Risk management plans have been developed for agomelatine and duloxetine since their release owing to the possibility of rare and severe liver injuries raised by premarketing clinical trials [7, 8]. Notably, these molecules are contraindicated in patients with pre-existing liver disease resulting in hepatic impairment and, to date, agomelatine is the only antidepressant requiring liver monitoring during treatment. Information about antidepressant hepatotoxicity mainly ensues from clinical trials and pharmacovigilance case reports . Observational studies, tailored to evaluate such a risk in real-life conditions, are scarce, have limited sample sizes and mainly focused on duloxetine [9, 10].

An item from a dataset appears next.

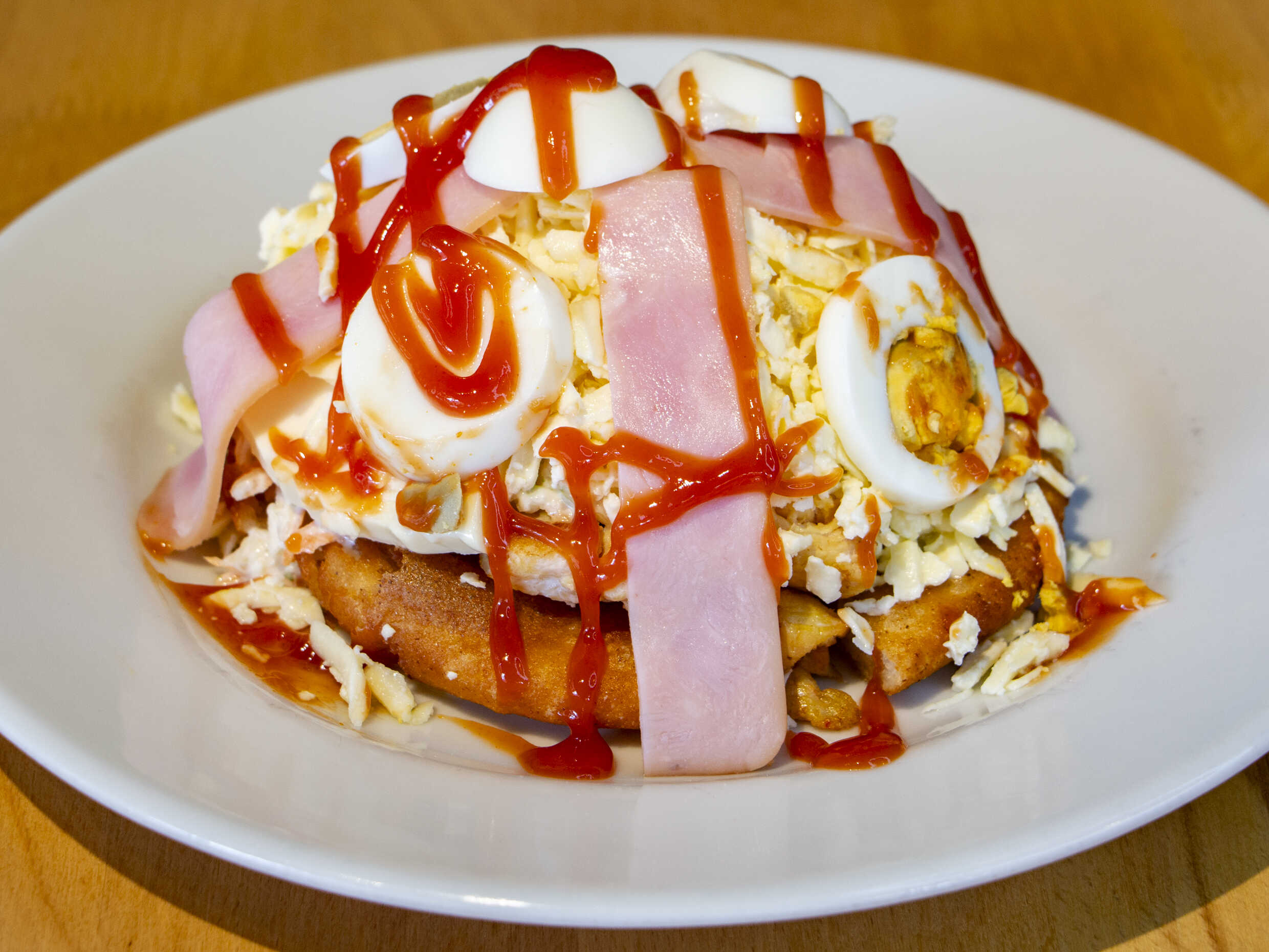Pan tradicional, queso cheddar, tocineta, tomate, ripio de papas, huevo frito, ketchup, Chuleta Ahumada y salsa de la casa.

The objective of the present study was to quantify the risk of serious liver injury associated with initiation of SNRIs (venlafaxine, milnacipran and duloxetine) and ‘other antidepressants’ (mianserin, mirtazapine, tianeptine and agomelatine) compared with initiation of SSRIs in real-life practice. Tricyclic antidepressants and monoamine oxidase inhibitors (MAOIs) were outside the scope of the study because of their particular safety profile, justifying their second-line use for the treatment of major depressive disorders.
2.1 Data Sources
A cohort study was conducted using the French national health insurance database [Système National d’Information Inter-Régimes de l’Assurance Maladie (SNIIRAM)]. Individuals were enrolled from January 1, 2010 to June 30, 2015. This health insurance database covers almost the entire French population (65.3 million inhabitants) with different affiliation schemes based on types of employment. For the present study, the data relating to beneficiaries of the main scheme (the general scheme covering approximately 77% of the French population) were used. The SNIIRAM comprehensively records the following with corresponding dates: outpatient drugs [Anatomical Therapeutic Classification (ATC) codes] and medical devices prescribed, reimbursed services and procedures, as well as demographic data such as age, sex, area of residence (postcode), complementary universal health insurance (free access to healthcare for people with an annual income < 50% of the poverty threshold) and date of death. The database does not stipulate the medical indication for each reimbursement. However, it includes information on severe and costly long-term disease (LTD) for which health expenses are fully reimbursed; these are coded according to the International Statistical Classification of Diseases and Related Health Problems, 10th Revision (ICD-10) and the date of LTD diagnosis is recorded. An anonymous unique identifier for each patient links SNIIRAM information to the national hospital discharge database [Programme de Médicalisation des Systèmes d’Information (PMSI)], which covers all hospitals and provides reasons for admission (in the format of the ICD-10) and surgical procedures. Previous observational studies using the SNIIRAM and the PMSI have been published elsewhere [11,12,13,14,15,16,17].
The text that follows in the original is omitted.